Whatever way the international community decides to act, it must do so soon, the report says.
As the report’s subtitle makes clear (“Future Options for U.N. Governance”), the majority of the report is concerned with examining options for an international legal regime regulating cloning. The report lays out all options for such regulation, but the report’s language leans toward supporting allowing research cloning but banning cloning for reproductive purposes:
Public policy demands that the international community show itself as capable of espousing an effective and pragmatic approach with respect to both reproductive and research cloning as a matter of urgency before the birth of a human being from a cloned embryo. This would have a
deterrent effect on the publicised efforts of several groups to produce a cloned human being. On the other hand the delay in arriving at a consensus at the international level may encourage forum shopping by determined proponents of reproductive cloning. Since cloning and the human embryo is a new area for international law, this is a test case for the GA to adapt to the changing face of international law and participate in its progressive development.

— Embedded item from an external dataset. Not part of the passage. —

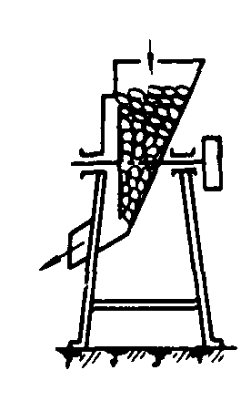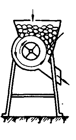 图1 块根切片机 垂直圆盘式块根切片机[图1(a)],在垂直圆盘上开有2~4个径向孔口,刀片安装在孔口旁,刃口伸入喂入斗内。圆盘转动时,将喂入斗内的块根切下,碎片穿过圆盘上的孔口,从圆盘的另一面排出。该机工作可靠,结构简单,使用保养方便,但刀片利用系数(圆盘每转刀片实际切割面积与所扫过的总面积之比)较小。 水平圆盘式块根切片机[图1 (b)],有一个装有2~4把刀片的水平圆盘。喂入斗位于刀盘正上方,圆盘转动时,刀片将喂入斗内的块根切成片,从圆盘上的孔口漏下。喂入斗内装有两块倾斜挡板,用来压紧块根,防止随圆盘转动,以便于切割。该机工作可靠,刀片利用系数较大,生产率高,可切块根和体积较大的瓜类饲料,但结构较垂直圆盘式复杂。 锥形滚筒式块根切片机[图1(c)],在锥形滚筒表面沿其母线配置3~4把刀片,喂入斗位于滚筒上方。滚筒转动时将喂入斗内的块根切成片,穿过滚筒上的孔口漏入滚筒内部,沿锥筒内表面卸出。切割时块根靠自重压在滚筒上,容易跳动,影响生产率,刀片利用系数也小,使用较少。 刀片是切片机的主要工作部件,其形状及刃口安装高度决定切片的形状和厚度,可根据饲喂对象的要求加以选择。常用的刀片有直线刃口、梳状刃口、铲形刃口和创丝刀片四种。直线刃口刀片将块根切成很宽的薄片,其厚度等于刃口伸出圆盘面的高度,薄片的长、宽由块根形状决定。适于饲喂成年牛。梳状刃口刀片的刃口呈梳齿状,切出的块根碎片呈窄条状,适于饲喂犊牛和猪。铲形刀片的刃口呈波浪形,切片呈半椭圆的窄条。切片质量较好,没有撕裂现象,但刃口制造、磨锐较麻烦。刨丝刀片是在一般的直线刃口刀片上固定一排垂直于该刀片的直立短切刀,能切出窄条状的细丝,适于饲喂幼猪和犊牛。 块根洗涤切片机 常用的有滚筒式和离心式两种。滚筒式块根洗涤切片机,在栅条状洗涤滚筒出口处衔接一个垂直圆盘式切片机。其洗涤原理与滚筒式洗涤机相同,但没有水,适于清洗表层较干、泥沙较易脱落的块根。洗涤后由勺铲舀入切片机切成片状。 离心式块根洗涤切片机(图2)有内、外两个圆筒,外圆筒上方安装喷水器,用来冲洗块根,内筒壁上安装2~3把固定刀片。中央传动轴上固定有内、外翼片和大、小洗涤盘。内翼片位于内筒里侧,外翼片位于内、外筒之间。当小洗涤盘落在大洗涤盘上时,只能洗涤块根,这时块根受到喷水器的冲淋,并在离心力作用下被抛向外简壁,从出口排出。当小洗涤盘升起时,可同时进行洗涤和切片。经喷水器冲洗过的块根进入内筒后,随内翼片旋转,在离心力作用下被抛向内筒壁,被筒壁上的固定刀片切成薄片,穿过内筒壁由外翼片排出。此机生产率高,切割质量好,刀片利用系数高,但结构复杂,成本较高。

Should we be encouraged or terrified that the United Nations is thinking about the regulation of such issues? On the one hand, this kind of bioethics issue, in which states’ desires for the prestige and money that come with achieving scientific breakthroughs creates an atmosphere in which ethical considerations are easily dispensed with, would seem to be begging for a precedent in international law. But this is a case in which the likely international consensus seems sensible (a ban on reproductive cloning but not on research cloning).
On the other hand, given the less than laudable record of, for example, the United Nations’ human rights bodies, the expansion of U.N. interest in an area that is as yet so little understood seems likely to create a perfect storm of unintended consequences.